For purposes of this representation, amounts paid by Target to
dissenters, amounts used by Target to pay its reorganization
expenses, and all redemptions and distributions (except for regular,
normal dividends) made by Target immediately preceding the transfer
will be included as assets of Target held immediately prior to the
Transaction.
(c) Acquiring has no plan or intention to reacquire any of its stock
issued in the Transaction.
(d) After the Transaction, Acquiring will use the assets acquired from
Target, except that a portion of these assets may be sold or
otherwise disposed of in the ordinary course of Acquiring's business.
Any proceeds will be invested in accordance with Acquiring's
investment objectives. Acquiring has no plan or intention to sell or
dispose of any of the assets of Target acquired in the Transaction,
except for dispositions made in the ordinary course of business or
transfers described in ss. 368(a)(2)(C).
(e) Target will distribute to its shareholders the stock of Acquiring it
receives pursuant to the plan of reorganization.
(f) The liabilities of Target assumed by Acquiring and any liabilities to
which the transferred assets of Target are subject were incurred by
Target in the ordinary course of its business.
(g) Following the Transaction, Acquiring will continue the historic
business of Target or use a significant portion of Target's historic
business assets in the continuing business.
(h) Acquiring, Target and the shareholders of Target will pay their
respective expenses, if any, incurred in connection with the
Transaction.
(i) There is no intercorporate indebtedness existing between Target and
Acquiring that was issued, acquired or will be settled at a discount.
(j) Acquiring and Target each meets the requirements of regulated
investment company as defined in ss. 368(a)(2)(F).

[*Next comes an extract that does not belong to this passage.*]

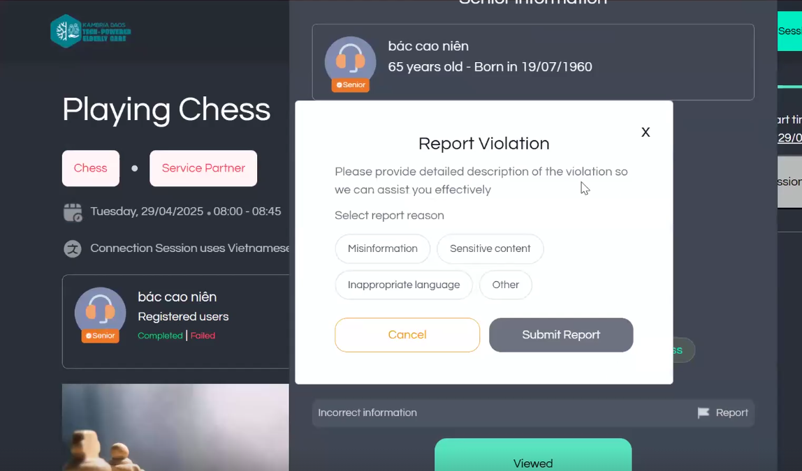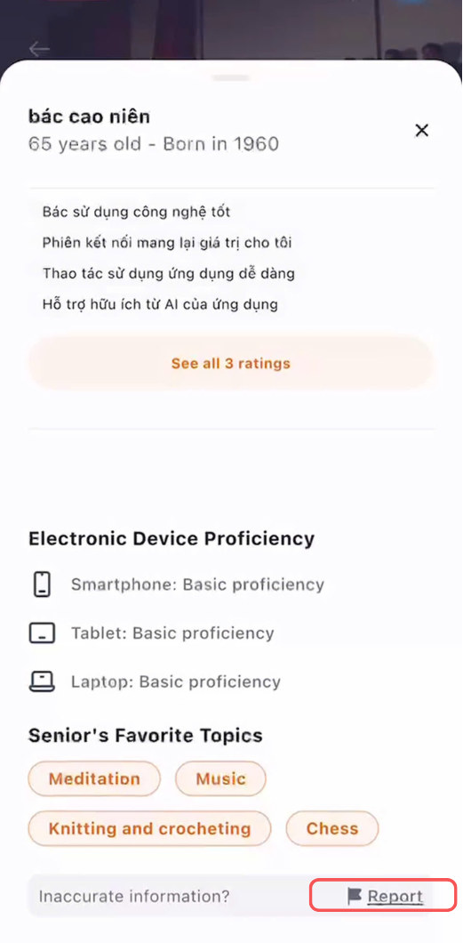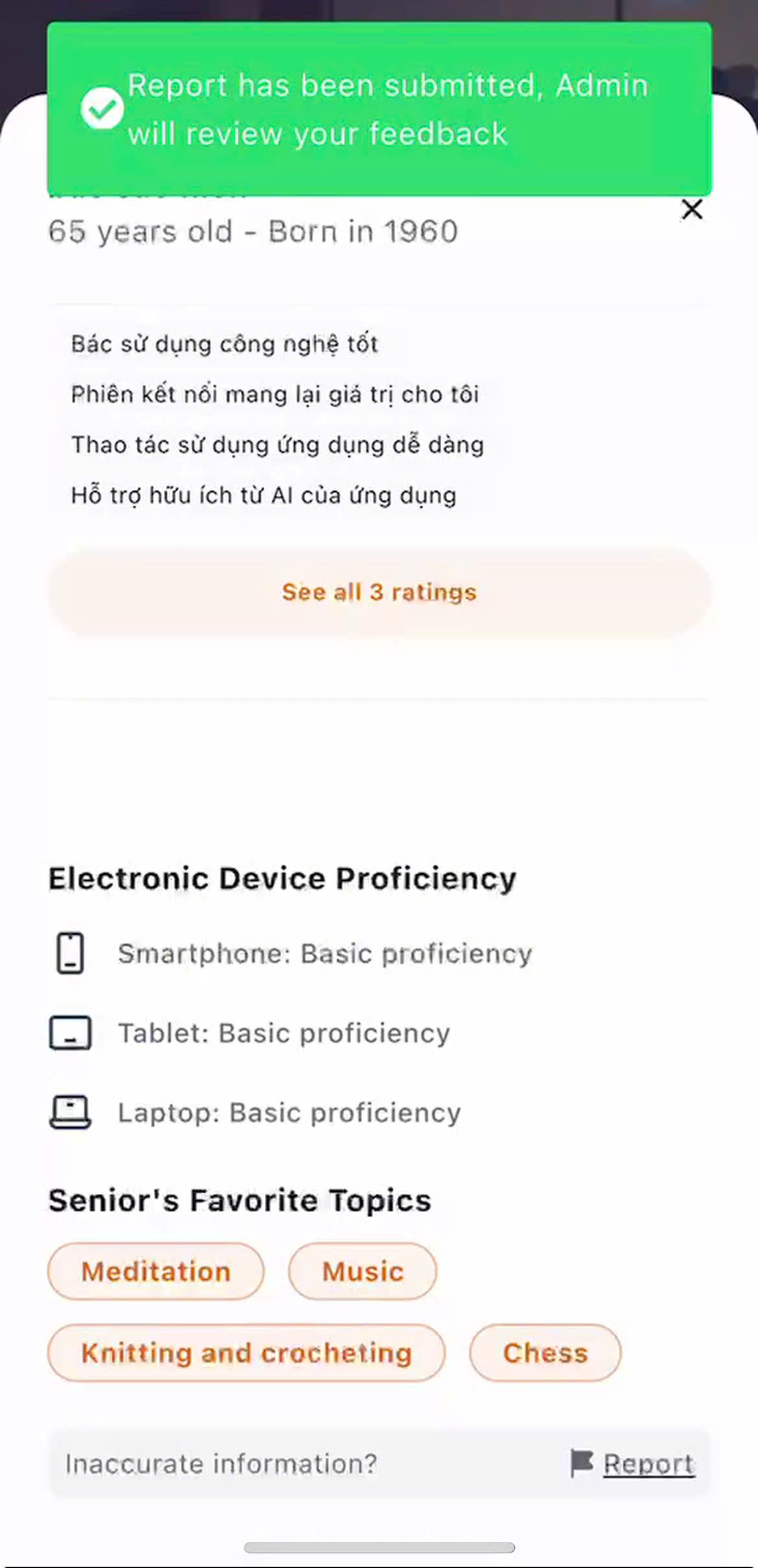 If you notice that a Senior's profile violates the community standards, you can report it directly through the app. The TECD team will review your report and take appropriate action.

(k) Acquiring does not own, directly or indirectly, nor has it owned
during the past five years, directly or indirectly, any stock of
Target.
(l) The fair market value of the assets of Target transferred to
Acquiring will equal or exceed the sum of the liabilities assumed by
Acquiring, plus the amount of liabilities, if any, to which the
transferred assets are subject.
(m) Cash is being distributed to the shareholders of Target in lieu of
fractional shares of Acquiring solely to save Acquiring the expense
and inconvenience of issuing and transferring fractional shares. Such
cash does not represent separately bargained for consideration in the
Transaction. The total cash consideration that will be paid to the
Target shareholders instead of issuing fractional shares of Acquiring
stock will not exceed one percent of the total consideration that
will be issued in the Transaction to the Target shareholders in
exchange for their shares of Target stock. The fractional share
interests of each shareholder of Target will be aggregated, and no
Target shareholder will receive cash in an amount equal to or greater
than the value of one full share of Acquiring stock.

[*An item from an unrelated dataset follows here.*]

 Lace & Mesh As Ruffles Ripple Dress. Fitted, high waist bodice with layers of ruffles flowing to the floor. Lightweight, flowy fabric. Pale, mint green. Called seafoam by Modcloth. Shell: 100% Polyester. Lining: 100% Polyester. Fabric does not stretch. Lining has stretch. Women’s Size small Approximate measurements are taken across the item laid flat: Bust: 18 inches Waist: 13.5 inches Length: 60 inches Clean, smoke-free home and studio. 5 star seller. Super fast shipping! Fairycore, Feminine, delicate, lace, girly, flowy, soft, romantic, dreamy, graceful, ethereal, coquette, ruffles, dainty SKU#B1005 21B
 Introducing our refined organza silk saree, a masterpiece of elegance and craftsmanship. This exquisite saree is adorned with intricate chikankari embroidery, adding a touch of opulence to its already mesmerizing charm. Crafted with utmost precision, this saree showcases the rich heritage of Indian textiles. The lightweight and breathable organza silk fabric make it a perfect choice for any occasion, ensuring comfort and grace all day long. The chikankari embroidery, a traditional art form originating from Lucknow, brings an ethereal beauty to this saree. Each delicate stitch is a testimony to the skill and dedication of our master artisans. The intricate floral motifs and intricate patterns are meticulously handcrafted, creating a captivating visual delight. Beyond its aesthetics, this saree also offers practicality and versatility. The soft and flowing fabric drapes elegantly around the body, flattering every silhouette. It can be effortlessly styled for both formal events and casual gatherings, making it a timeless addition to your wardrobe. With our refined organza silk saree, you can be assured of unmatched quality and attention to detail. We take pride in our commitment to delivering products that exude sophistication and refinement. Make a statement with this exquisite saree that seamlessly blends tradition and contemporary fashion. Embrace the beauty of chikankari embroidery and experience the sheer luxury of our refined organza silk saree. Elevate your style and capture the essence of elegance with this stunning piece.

(n) Target is not under the jurisdiction of a court in a Title 11 or
similar case within the meaning of ss. 368(a)(3)(A).
(o) Target and Acquiring have elected to be taxed as RICs under ss. 851
and, for all of their taxable periods (including Target's last short
taxable period ending on the date of the Transaction), have qualified
for the special tax treatment afforded RICs under the Internal
Revenue Code. After the Transaction, Acquiring intends to continue to
so qualify.
(p) There is no plan or intention for Acquiring (the issuing corporation
as defined in ss. 1.368-1(b)), or any person related (as defined in
ss. 1.368-1(e)(3)) to Acquiring, to acquire, during the five year
period beginning on the date of the Transaction, with consideration
other than Acquiring stock, Acquiring stock furnished in exchange for
a proprietary interest in Target in the Transaction, either directly
or through any transaction, agreement, or arrangement with any other
person, except for cash distributed to the Target common shareholders
in lieu of fractional shares of Acquiring common stock.

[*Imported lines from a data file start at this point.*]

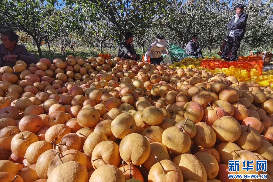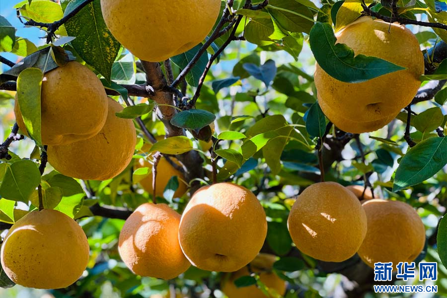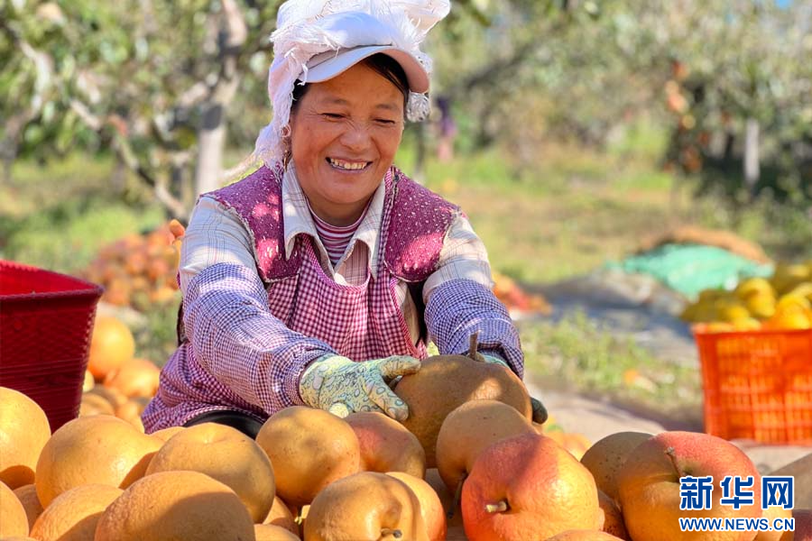 木梨園里果實累累(11月9日攝)。新華網發(永勝縣融媒體中心供圖)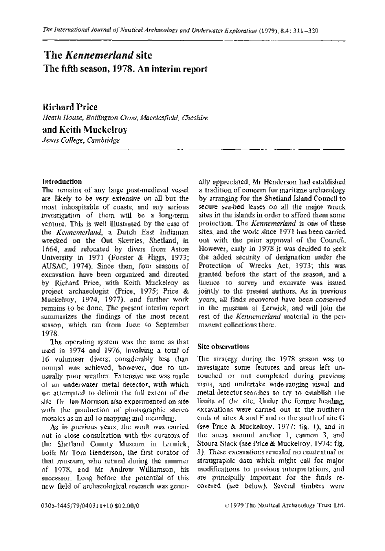 In de bijlage een kort artikel van de International Journal for Nautical Archeology uit 1979 (png, 51.7 KB)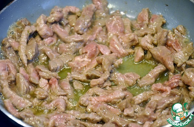 Выкладываем говядину на сковороду со слегка прогретым маслом. Даем мясу чуть посветлеть и откидываем на дуршлаг.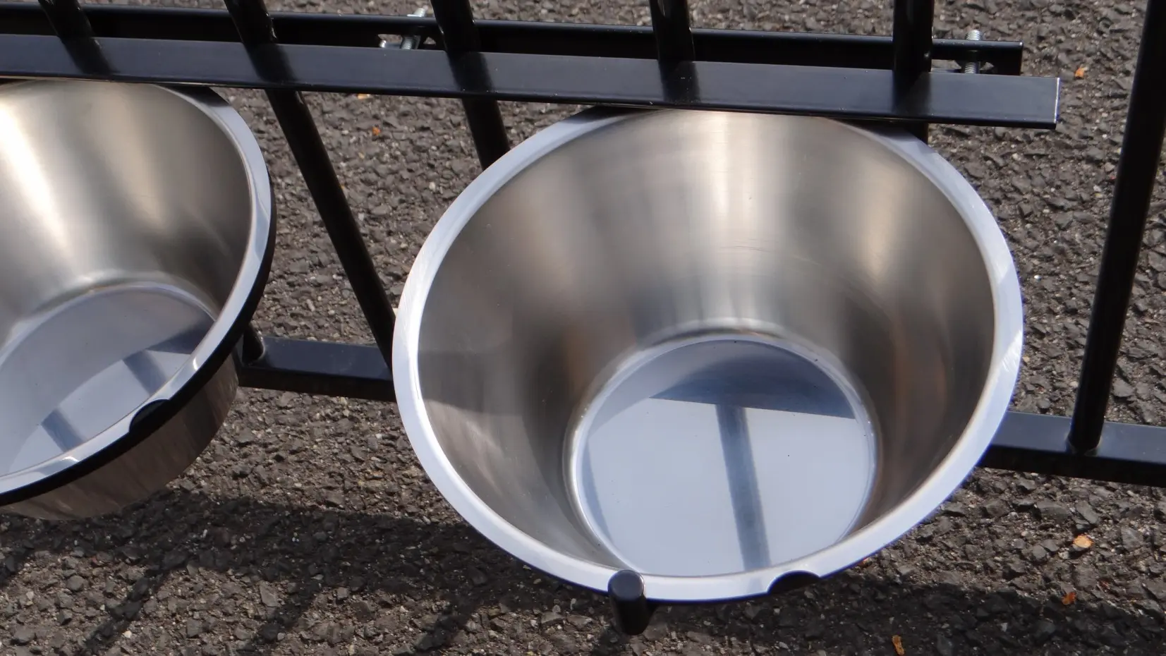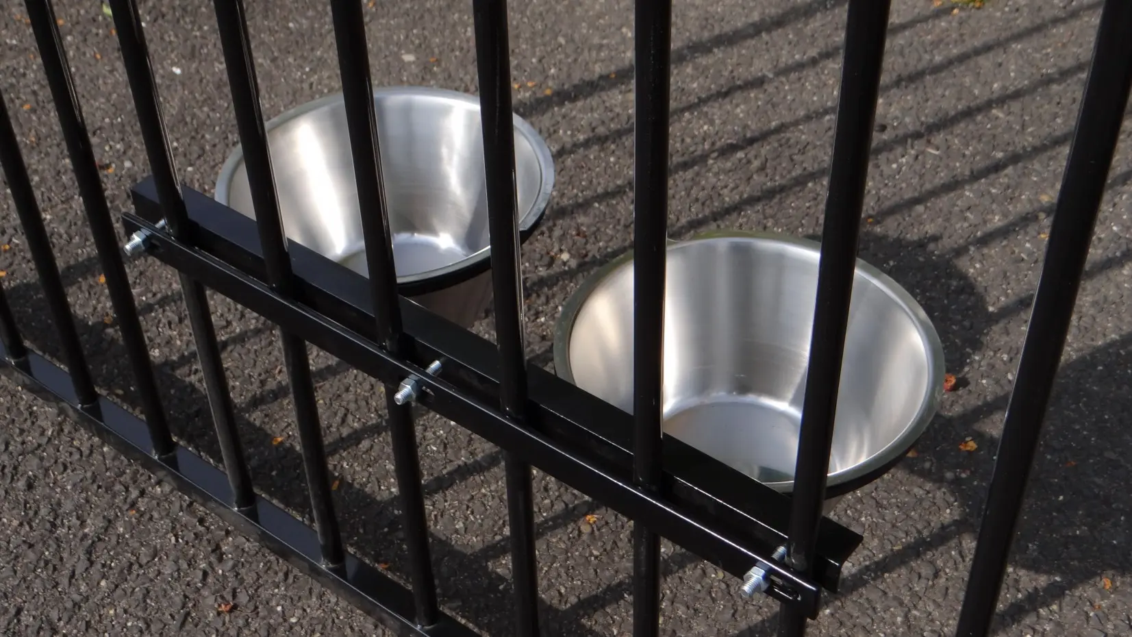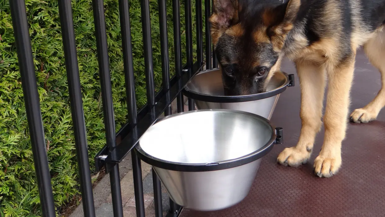 Fress-/Trinknapf (schwarz beschichtet) zum Einhängen in den Zwinger. Dieser Futternapf aus Edelstahl hat 2 Schüsseln mit einem Fassungsvermögen von 4 Litern und eine einfache Befestigung, damit Ihr Hund den Napf nicht herausschieben kann.

(q) During the five year period ending on the date of the Transaction,
(i) neither Acquiring, nor any person related (as defined in ss.
1.368-1(e)(3)) to Acquiring, will have acquired Target stock with
consideration other than Acquiring stock, (ii) neither Target, not
any person related (as defined in ss. 1.368-1(e)(3) without regard
to ss. 1.368-1(e)(3)(i)(A)) to Target, will have acquired Target stock
with consideration other than Acquiring stock or Target stock, and
(iii) no distributions will have been made with respect to Target
stock (other than regular, normal dividend distributions made
pursuant to Target's historic dividend paying practice), either
directly or through any transaction, agreement, or arrangement with
any other person, except for (a) cash paid to dissenters and (b)
distributions described in ss.ss 852 and 4982, as required for
Target's tax treatment as a RIC.
(r) The aggregate value of the acquisitions, redemptions, and
distributions described in paragraphs (p) and (q) above will not
exceed 50 percent of the value (without giving effect to the
acquisitions, redemptions, and distributions) of the proprietary
interest in Target on the effective date of the Transaction.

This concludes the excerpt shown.